ACTIVITY. Repeat the whole listing word for word, skipping pictures.

PROVIDED DATA.
=== Begin Enclosure ===
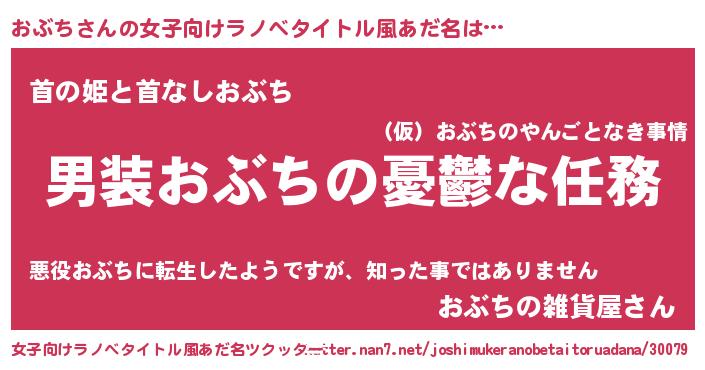 | 胡散臭い通販商品みたいなあだ名 | 『運命の人と巡り会える高級そうな壺…その名も「おぶち」』 |
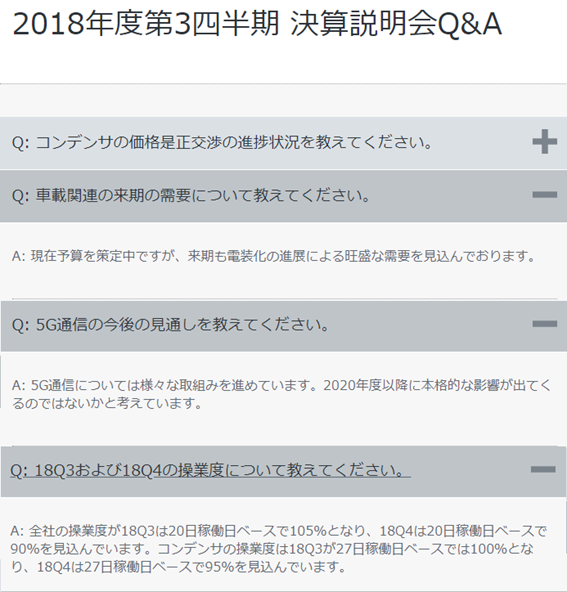 その問題のQ&A、ご覧頂けるように、車載関連も5G通信関連の先々についても、正に機関投資家や証券アナリスト達が注目しているから質問が飛んでいるのであり、それに対して期待が持てるという内容の答えを返している。
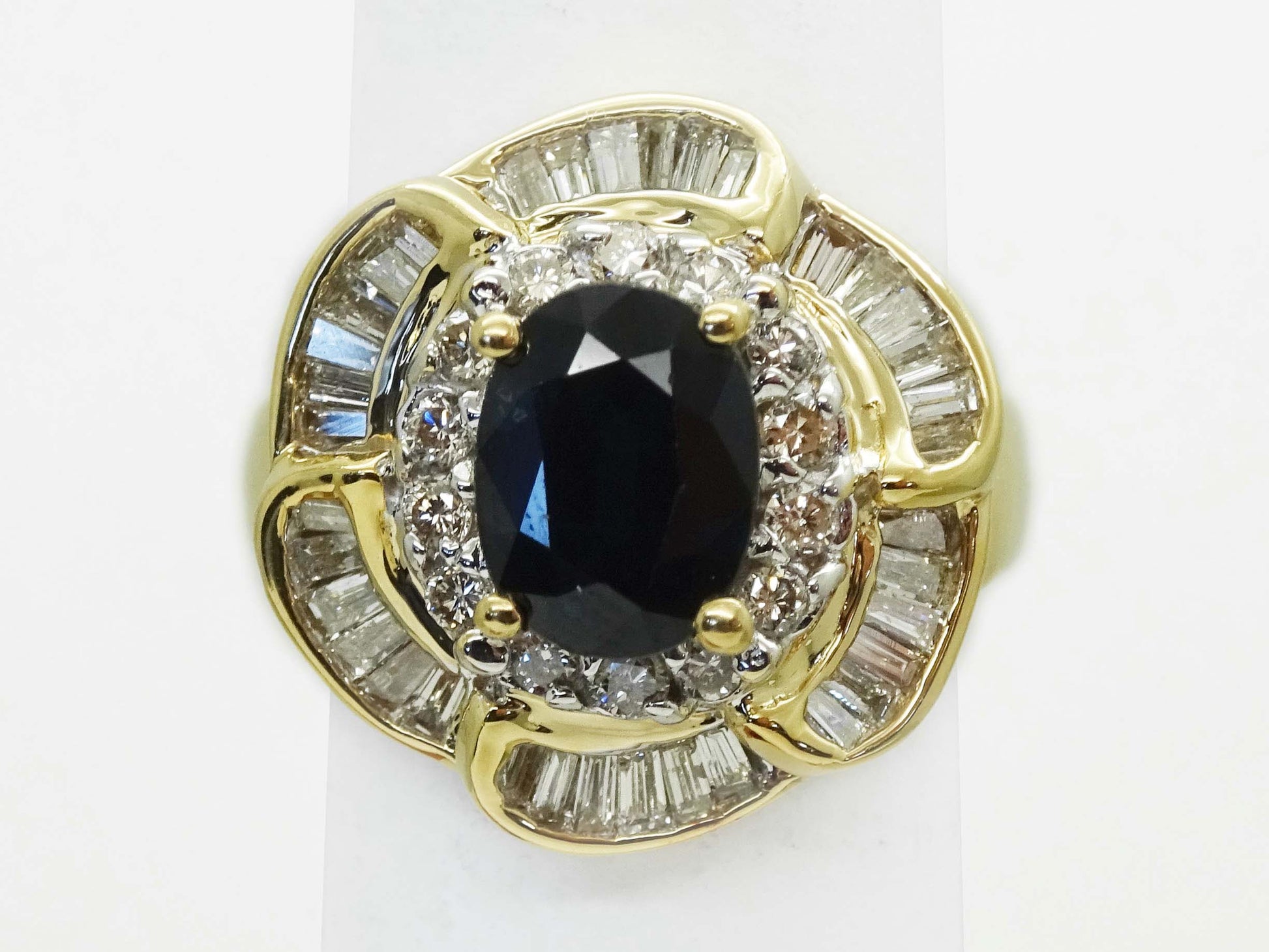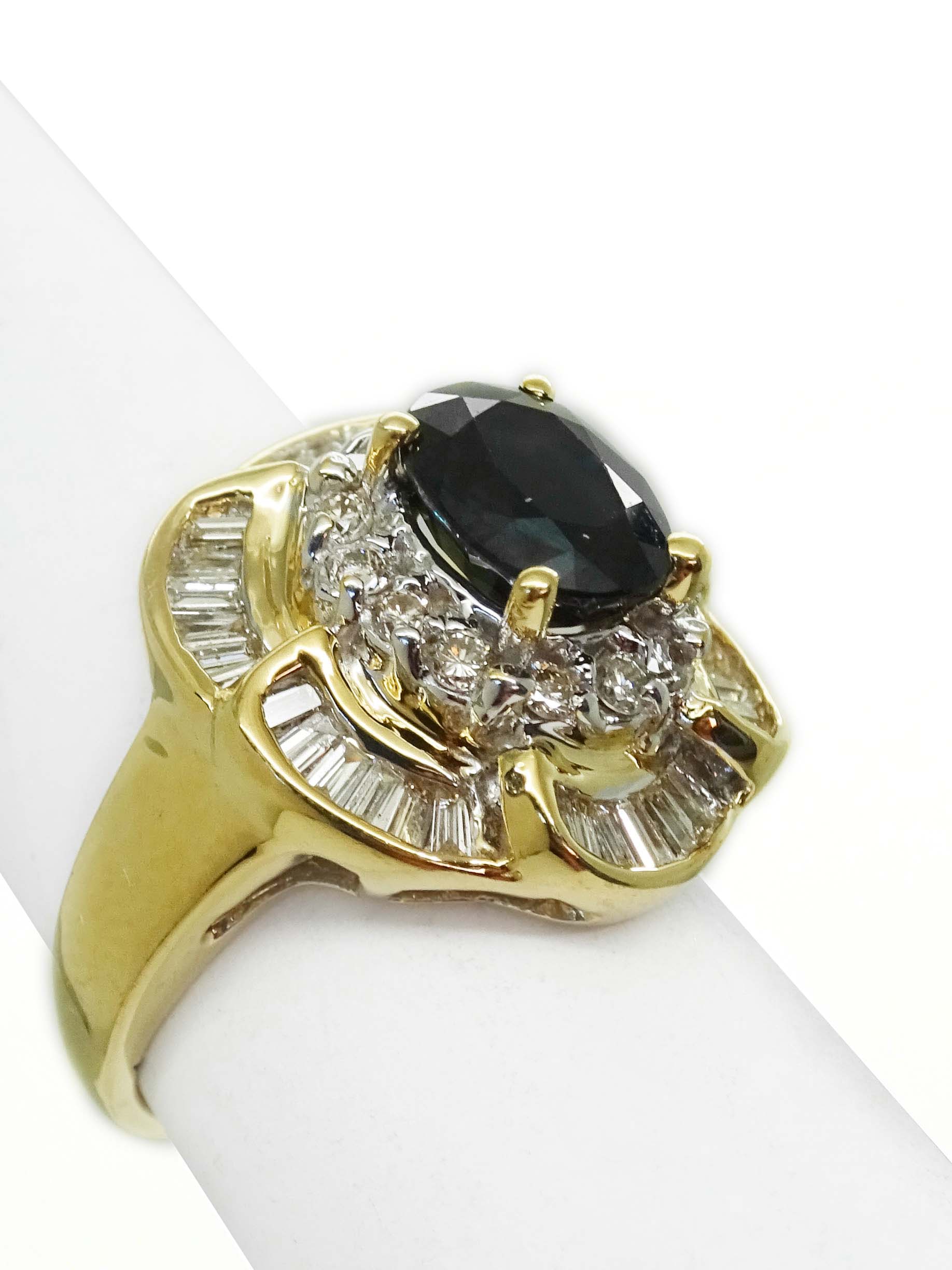 Yellow gold ring in 14k, set with natural oval blue sapphire & earth mined diamonds.
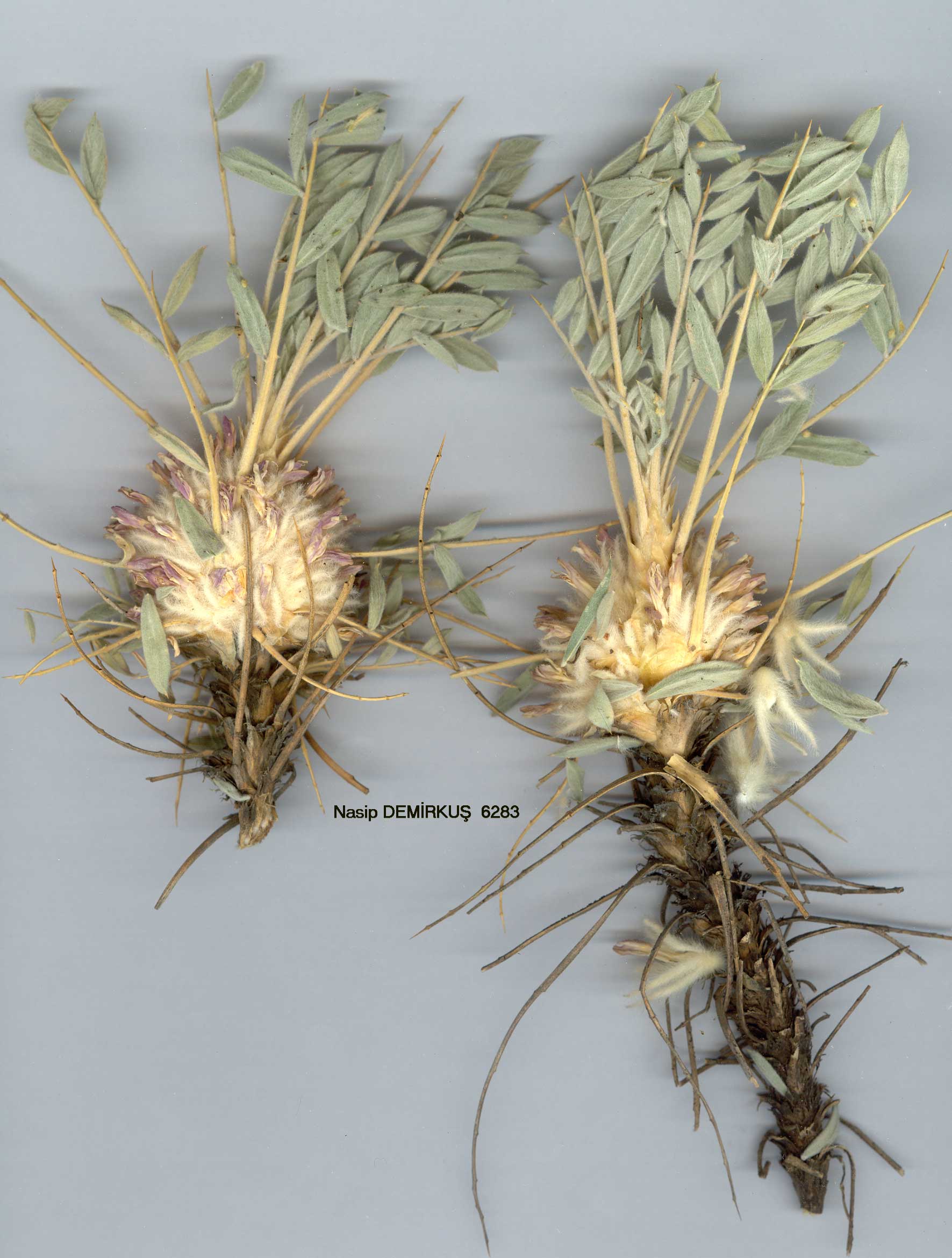 | A. compactus Lam., Encycl. 1:322 (1783). Ic: DC, Astrag. t. 32 (1802). Dwarf cushion-forming shrub, 10-15 cm. Leaf rachis spiny, 4-6 cm, straight or incurved. Leaflets 10-15 mm, oblong to narrowly elliptic, spine-tipped, simple-grey-tomentellous, sometimes with a few long hairs, 4-6 paired. Stipules 10-13 mm, triangular-lanceolate, villous. Flowers 4-5 per leaf axil. Inflorescence globose, c. 3 cm diam., 15-50-flowered. Bracts (8-)10-13 mm, oblong to ovate, navicular or plain, pilose at the apex. Bracteoles absent. Calyx 13-16 mm, densely white-villous; lobes divided to base. Flowers pale pink with cream centre; standard (16-)18-20 mm. Fl. 7-8. Steppe, hilly slopes, 1200-1850 m. Type: 'Armenia Turcica', Tournefort. Inner Anatolia. A7 Gümüşane: Gümüşane to Bayburt, 3 km from Kale, 1300 m, Hub.-Mor. 15071! B5 Yozgat: nr. Yozgat, 8 vii 1961, Chamberlain! B6 Sivas: nr. Sivas, 1250 m, M. Zohary 292! B7 Erzincan: 7 km N of Pülümur, 1850 m, M. & D. Zohary 153/1! Endemic; Ir.-Tur. element. Allied to A. strictifolius. Boissier describes A. compactus as having smaller calyces (12 mm) and standards (16 mm) than the specimens cited above. As far as we can tell, however, our material belongs to A. compactus. The type description of A. karsicola Širj. & Bornm. in Feddes Rep. 53:221 (1944) (A. karsianus Širj. & Bornm. in Feddes Rep. 52:10 (1943) non Bunge, 1869), which was described from A9 Kars, prope st. viae feroviae Promezhutotshnaja, Roop, agrees with our concept of A. compactus Lam. |
=== End Enclosure ===
THE ANSWER.
 | 胡散臭い通販商品みたいなあだ名 | 『運命の人と巡り会える高級そうな壺…その名も「おぶち」』 |
 その問題のQ&A、ご覧頂けるように、車載関連も5G通信関連の先々についても、正に機関投資家や証券アナリスト達が注目しているから質問が飛んでいるのであり、それに対して期待が持てるという内容の答えを返している。
 Yellow gold ring in 14k, set with natural oval blue sapphire & earth mined diamonds.
 | A. compactus Lam., Encycl. 1:322 (1783). Ic: DC, Astrag. t. 32 (1802). Dwarf cushion-forming shrub, 10-15 cm. Leaf rachis spiny, 4-6 cm, straight or incurved. Leaflets 10-15 mm, oblong to narrowly elliptic, spine-tipped, simple-grey-tomentellous, sometimes with a few long hairs, 4-6 paired. Stipules 10-13 mm, triangular-lanceolate, villous. Flowers 4-5 per leaf axil. Inflorescence globose, c. 3 cm diam., 15-50-flowered. Bracts (8-)10-13 mm, oblong to ovate, navicular or plain, pilose at the apex. Bracteoles absent. Calyx 13-16 mm, densely white-villous; lobes divided to base. Flowers pale pink with cream centre; standard (16-)18-20 mm. Fl. 7-8. Steppe, hilly slopes, 1200-1850 m. Type: 'Armenia Turcica', Tournefort. Inner Anatolia. A7 Gümüşane: Gümüşane to Bayburt, 3 km from Kale, 1300 m, Hub.-Mor. 15071! B5 Yozgat: nr. Yozgat, 8 vii 1961, Chamberlain! B6 Sivas: nr. Sivas, 1250 m, M. Zohary 292! B7 Erzincan: 7 km N of Pülümur, 1850 m, M. & D. Zohary 153/1! Endemic; Ir.-Tur. element. Allied to A. strictifolius. Boissier describes A. compactus as having smaller calyces (12 mm) and standards (16 mm) than the specimens cited above. As far as we can tell, however, our material belongs to A. compactus. The type description of A. karsicola Širj. & Bornm. in Feddes Rep. 53:221 (1944) (A. karsianus Širj. & Bornm. in Feddes Rep. 52:10 (1943) non Bunge, 1869), which was described from A9 Kars, prope st. viae feroviae Promezhutotshnaja, Roop, agrees with our concept of A. compactus Lam. |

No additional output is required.